Exidy, Inc. was a developer and manufacturer of coin-operated amusements. The company was founded by H.R. "Pete" Kauffman and Samuel Hawes in 1973. The name "Exidy" was a portmanteau of the words "Excellence in Dynamics".

Notable games released by Exidy include Circus, Death Race, Star Fire, Venture, Pepper II, Mouse Trap, Targ and Spectar.

Game history
Pete Kauffman (1923 – 2015) was a marketing executive at Ramtek in 1972 and was one of several employees of the company who played the original Atari Pong prototype at Andy Capps Tavern in Sunnyvale, California.  Believing coin-operated video games would become a major business, he left Ramtek in late 1973 to establish Exidy with Ampex engineer Samuel Hawes.

Exidy found competing with larger video game companies such as Atari, Inc. difficult.

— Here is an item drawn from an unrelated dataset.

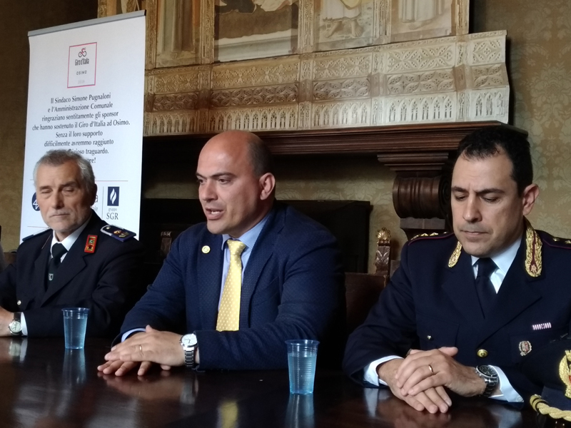 Osimo, palazzo comunale, un momento della conferenza stampa di stamattina sul Giro d’Italia

The company's Lila Zinter claimed in 1983 that "Exidy is an innovator, but ... we have a hard time breaking through the politics of getting a game a fair chance."

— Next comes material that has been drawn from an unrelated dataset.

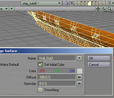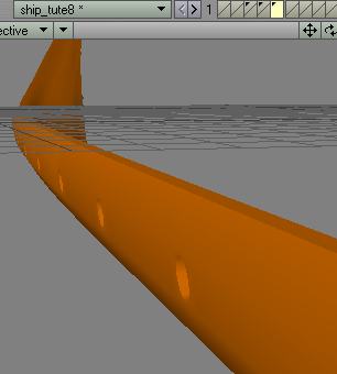 33. In layer 5 you will now have a double-sided hull, with oarports and a deck surface. Save your file as ship_tute9.lwo

One of Exidy's efforts aimed at trivia lovers during the 1980s was the quiz game Fax, a multi-level game housed in a large wooden cabinet that stood about 4 feet high and looked nothing like other video games of the time period. The players were shown a series of questions with four possible answers. A point value "clock" ran down to zero after answers were shown, meaning players answering quicker earned more points for their correct answers (Incorrect answers incurred no penalty).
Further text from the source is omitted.